Why Is There a Person in Your ATM?

By Eric Reed

On Thursday morning Bank of America announced that it will begin putting live people on the other end of its ATM machines. Called Teller Assist, the project aims to create an all-in-one experience, offering customers the convenience of an ATM with the human interaction of a storefront.

Although users will still be able to select all of the traditional functions of an ATM, they will now also be able to videoconference with a Bank of America employee. The system will offer some of the same services found at the counter, including redeeming checks for cash and choosing various denominations for a withdrawal. Planned, but not yet implemented, features include making loan payments and splitting deposits among multiple accounts.

ATMs will still offer computerized services 24/7, and Teller Assist will operate from 7 a.m. until 10 p.m. local time during weekdays and from 8 a.m. until 5 p.m. local time on the weekends. According to Bank of America spokesperson Tara Burke, Bank of America will pilot this program with 36 machines in Boston and Atlanta over the second quarter of 2013. Plans for future markets will depend on feedback and are currently evolving.

"We've seen a growing demand for self-service banking," Burke said, explaining the drive behind this new program. She assures customers that fees will remain the same at all ATM's, including those with Teller Assist, and that the only difference will be the expanded functionality.

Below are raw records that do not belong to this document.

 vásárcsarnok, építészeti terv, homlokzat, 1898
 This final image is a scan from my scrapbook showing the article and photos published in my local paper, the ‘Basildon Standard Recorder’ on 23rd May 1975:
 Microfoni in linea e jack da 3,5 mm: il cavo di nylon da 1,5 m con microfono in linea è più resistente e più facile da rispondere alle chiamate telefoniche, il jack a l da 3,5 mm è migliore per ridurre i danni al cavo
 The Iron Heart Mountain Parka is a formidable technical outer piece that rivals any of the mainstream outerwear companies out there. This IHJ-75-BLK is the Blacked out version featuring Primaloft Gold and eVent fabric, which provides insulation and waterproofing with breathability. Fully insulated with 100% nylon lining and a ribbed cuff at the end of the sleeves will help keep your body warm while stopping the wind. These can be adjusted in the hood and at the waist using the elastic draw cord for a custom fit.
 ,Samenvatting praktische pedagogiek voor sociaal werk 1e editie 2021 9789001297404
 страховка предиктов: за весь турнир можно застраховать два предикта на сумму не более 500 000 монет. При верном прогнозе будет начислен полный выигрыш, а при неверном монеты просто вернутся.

This technology is part of a greater industry trend toward finding a balance between digital and personal interaction and has been successful for the other banks that have pioneered it, including Coastal Federal Credit Union (CFCU), which debuted its "Personal Teller Machines" in 2008. CFCU is the first institution to got 100% video banking, according to Jim Mecca, a spokesperson for CFCU.

The Personal Teller Machines are dedicated systems, Mecca said, which means that they don't double as ATMs. Instead, they fill all the roles of a traditional teller for CFCU, and have allowed the bank to move that function completely online. Branch staff is now dedicated to complex transactions such as lending and account management, while deposits, withdrawals and checking are all handled by video conference with a teller at the credit union's headquarters.

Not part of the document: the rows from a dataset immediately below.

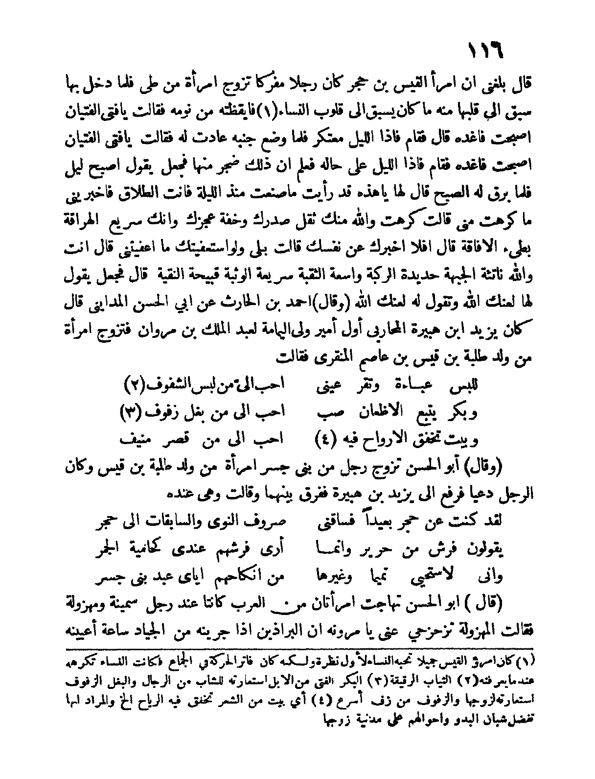 قال بلغني أن امرؤ القيس بن حجر كان رجلاً مفركاً تزوج من امرأة من طي فلما دخل بها سبق إلى قلبها منه ما كان يسبق إلى قلوب النساء فأيقظته من نومه فقالت يا فتى الفتيان أصبحت فاغدة قال فقام فإذا الليل معتكر فلما وضع جنبه عادت له فقالت يا فتى الفتيان أصبحت فاغدة فقام فإذا الليل على حاله فعلم أن ذلك ضجرٌ منها فجعل يقول أصبح ليلاً برق له الصبح قال لها يا هذه قد رأيت ما صنعت منذ الليلة فأنت الطلاق فأخبريني ما كرهت مني قالت والله منك ثقل صدرك وخفة عجزك وإنك سريع الهراقة بطيء الأفاقة قال أفلا أخبرك عن نفسك قالت بلى ولو استعفيتك ما أعفيتني قالت أنت والله ناتئة الجبهة حديدة الركبة واسعة الثقبة سريعة الوثبة قبيحة النقية قال فجعل يقول لها لعنك الله وتقول له لعنك الله " وقال " أحمد بن الحارث عن أبي الحسن المدايني قال كان يزيد بن هبيرة المحاربي أول أمير ولي اليمامة لعبد الملك بن مروان فتزوج امرأة من ولد طلبة بن قيس بن عاصم المنقري فقالت: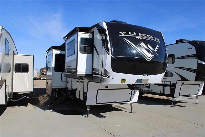 2024 Dutchmen Yukon 421FL with front living! 2 opposing trifold sofas which fold out for added sleeping, theater seating facing an entertainment center with TV and fire place. Mid kitchen area has an 18cf refrigerator, microwave, all in one residential oven with 4 burner cooktop, island with double basin sink, pantry and table and chairs. LOTS of cupboard space!! Full pass through bath with custom walk in shower, double basin vanity and separate toilet room. Large linen closet with washer/dryer. Master has a king bed in the slide facing an entertainment center with fire place and TV, and TONS of dresser and closet space! Secure stance steps, 3 ACs, 12V tank heaters with interior switches, automatic leveling system, slide out awning, solar package w/inverter, electric awning, and TONS of outside storage space with pull out tray! Very nice unit - stop by and check it out!!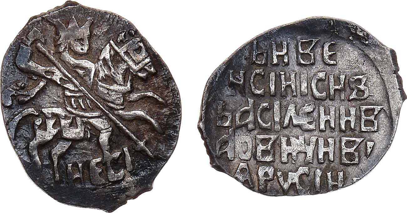 Серебро. 0,47г. Аверс: подражание новгородской копейке с литерами "НЕ(Р)СИ". Реверс: легенда с именем Василия Ивановича Шуйского. ГКХ 3484 (R-V). MS 60 (без слаба).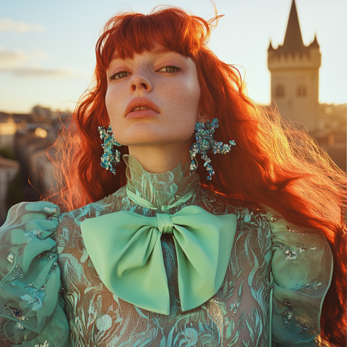 A striking fashion portrait of a woman with long, wavy bright red hair. She is wearing a bold, avant-garde outfit with a large mint-green bow at the chest and voluminous sleeves with light blue, wave-like patterns. Her accessories are oversized blue floral earrings and a glittering green choker necklace. The background features a sunlit cityscape with an old European tower. The lighting is bright and natural, emphasizing her confident pose and flawless, porcelain skin. The style is high-fashion, artistic, and bold. --s 50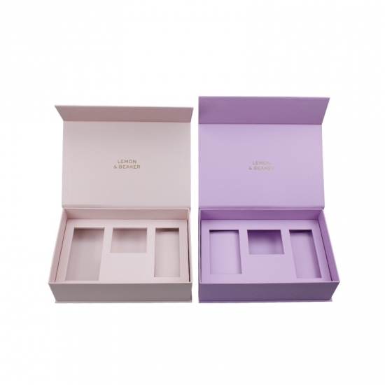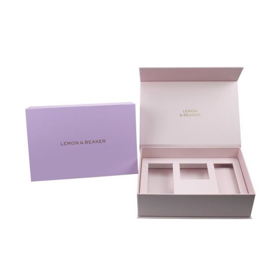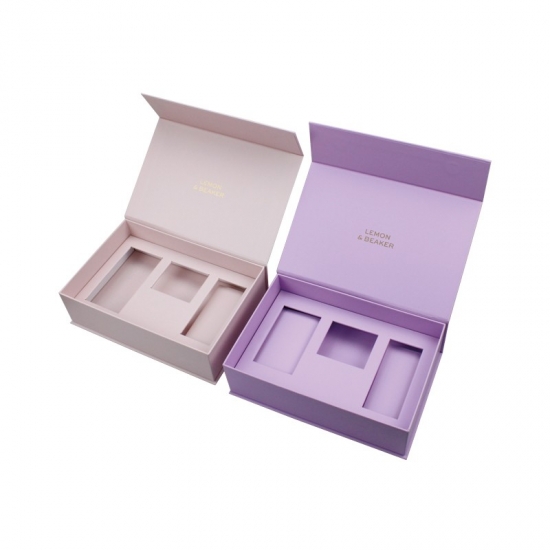 This is clamshell book shaped pink gift box with paperboard insert,made by 157g C2S art paper+1200g grey board,matte finishing,LOGO gold foil stamping, insert size and shape can be customizedas per customers' request.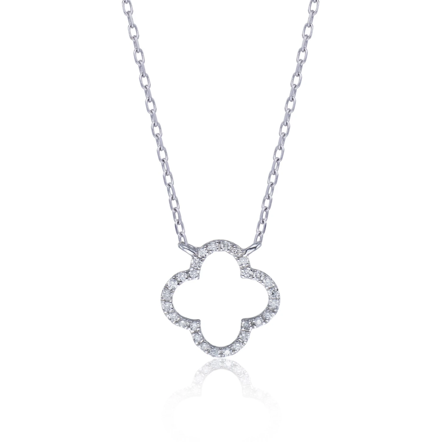 Chisholm Hunter 9ct White Gold Round Brilliant Cut 0.13ct Diamond Clover Necklet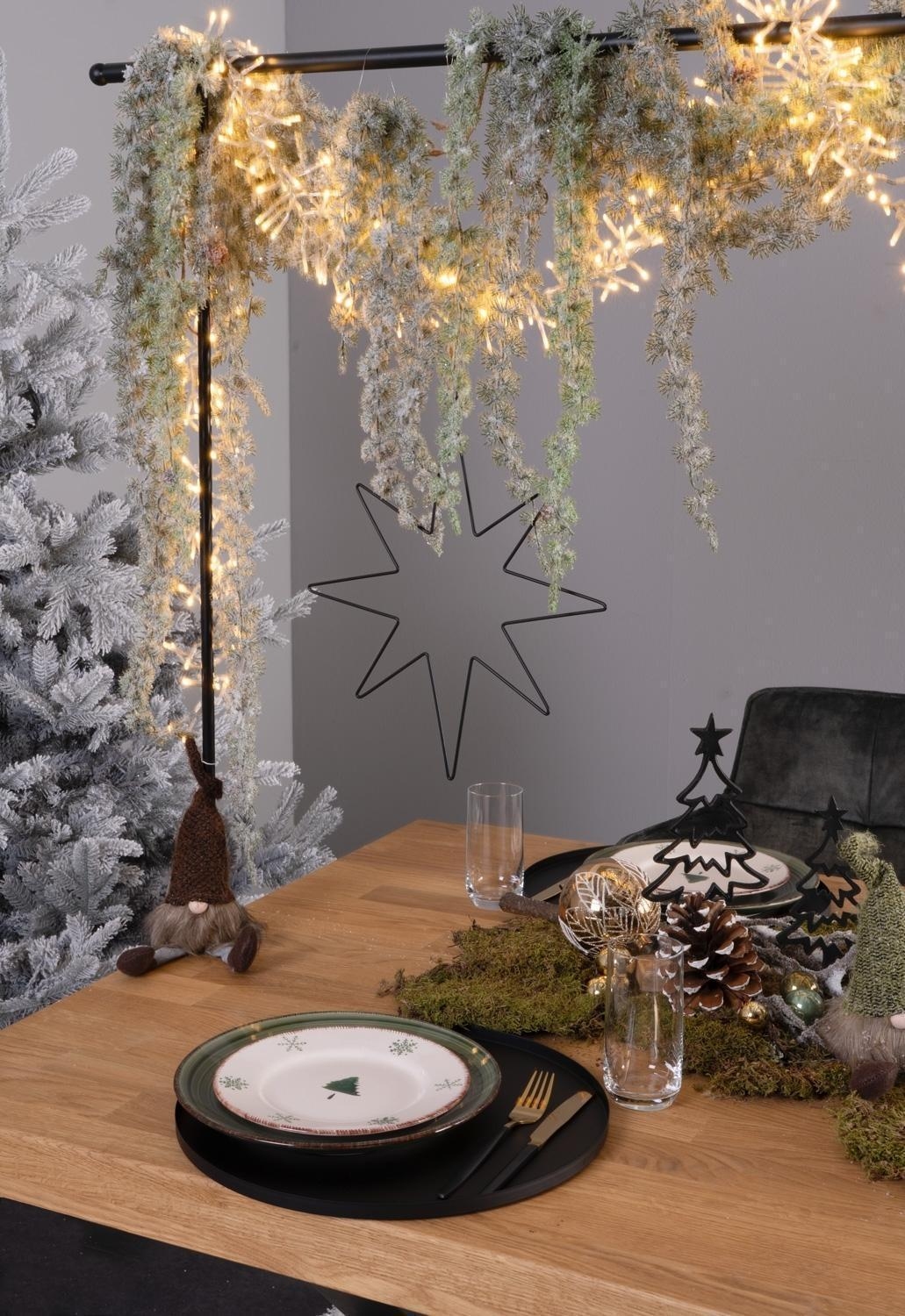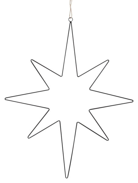 Der Deko-Sternhänger KOMET setzt stilvolle Akzente in der Weihnachtszeit. In Schwarz matt gehalten und aus pulverbeschichtetem Eisen gefertigt, überzeugt er mit einer Größe von 55 x 55 cm. Der Stern lässt sich ideal an Fenstern aufhängen und bringt eine festliche Stimmung in jeden Raum.

"It's actually worked out very well for us, because the in-branch management isn't focused on what's going on behind the teller line," Mecca said. "We were really looking at streamlining and optimizing the teller function."

CFCU reports positive results from the digital shift, including increased sales across its branches as well as a higher rate of turnaround for its tellers. Mecca said that the credit union can also operate with less staff now; since it no longer needs to dedicate personnel to rarely visited locations, each teller's time can be used more efficiently.

All of this comes as no surprise to Greg Kelly, a principal with Deloitte consulting who has specialized in the banking industry for the last 24 years.

"I think that this trend will continue," he said. "A number of banks already use video in their branches, and a number of them have moved from click to chat to click to video on your PC at home... Depending on how savvy the user is, you can do almost any transaction and you don't need to walk into a branch."

As part of Deloitte's consulting team Kelly has written on this subject before, including a 2012 article in the Wall Street Journal titled "Is it Time for Real-Time Banking?" The issue for the banks, he says, comes down to cost. (http://deloitte.wsj.com/cio/2012/04/04/is-it-time-for-real-time-banking/)

"When you do a mobile transaction, it's about 10 times less than the cost of an ATM transaction," he said. "When you do an ATM transaction it's about 50 times cheaper than a branch transaction. Banks are always trying to move the customer to the lower cost channel."

The switch to videoconferencing is another step in that direction, allowing banks to achieve through low-cost ATMs functions ordinarily reserved to a branch. Although Burke declined to comment on the costs and savings of Bank of America's Teller Assist program, the external numbers speak for themselves. A 2010 report by Deloitte indicated that banks could reduce costs by as much as 80% per transaction by moving customers from a branch to a traditional ATM, and CFCU's experience with video-enabled machines bears this out.

Kelly explained that under the current model, a bank needs to staff its locations regardless of the cost, which often means money spent on expensive urban real estate and salaries for under-used staff in rural locations. With systems such as the Personal Teller Machine or Teller Assist, a bank can centralize its staff in lower-cost locations, reducing the overhead of both property and time. These savings could come just in the nick of time for Bank of America, which has seen its profits decline sharply over the last few years.

Kelly envisions more and more banks shifting in this direction, driven by both savings and a changing generation's embrace of technology.

"The younger you are, I think you'll be more comfortable," he said. "They've grown up in a new world of digital interaction."

The model has worked very well for CFCU, with Mecca describing it as a great success for both the credit union and its customers. Due to the new system, branches have been able to keep longer hours with shorter wait times than before, he said, and customer response has been positive.

Still, while video tellers may be the wave of the future, Kelly doesn't expect them to completely replace the neighborhood banker anytime soon.

"I think personal interaction is preferable for a more complex transaction," he said, "People want to go in and talk to their financial advisor or wealth advisors. That's a very relationship based product. You're always going to need a face to face basis there, and I don't think that's going to go away."